Tuesday, December 7, 2021

Choose a Job to Make Yourself Content

We work a lot. Too much, probably. One often muses, when will the post-scarcity world come into being? In the mean time, people should pursue a work life that is rewarding. But wow? 

One approach to to purse "earned success," which gives someone a sense of accomplishment (see Seligman, whose studies show this strongly predict happiness at work). Combined with professional efficacy -- when you are effective in your job, you are more committed to your occupation, a measure of job satisfaction -- we can aim to more likely enjoy the fruits of our labors, beyond a paycheck. Employers who give clear guidance and feedback, reward merit, and encourage staff to develop new skills are better choices if someone wants to boost those feelings. Look for a boss who acts that way -- and if the reader is in a position of authority, be that kind of boss.

Happiness may not only be a consequence of success, but also a cause. Essentially, we argued that the presence of frequent positive emotions (such as joy, happiness, and contentment) may precede and even promote career success. This past year, we returned to the literature to determine whether more recent findings continued to support our hypothesis. What did we discover?
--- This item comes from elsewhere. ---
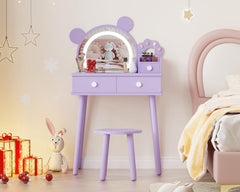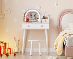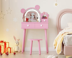 Garvee Set de Tocador Infantil con Luces LED y Forma de Oso, Escritorio y Taburete de Madera para Niñas, Diseño Seguro, Almacenaje Amplio, Color Natural

It turns out that the wealth of evidence indicates that happiness is indeed a critical precursor to success.

Are happy workers more likely to perform well -- and succeed in the workplace? It appears so. When a person is prompted to experience positive emotions, they set higher goals for themselves, persevere at challenging tasks longer, view themselves and others more favorably, and are more optimistic they will succeed. People induced to feel happy also demonstrate greater creativity and productivity than those who are driven to feel less happy. 

Employers are better off creating environments that authentically increase workers’ happiness. One way to do this might involve giving employees the option to engage in positive activities designed to enhance well-being, such as performing acts of kindness for co-workers or expressing gratitude to customers.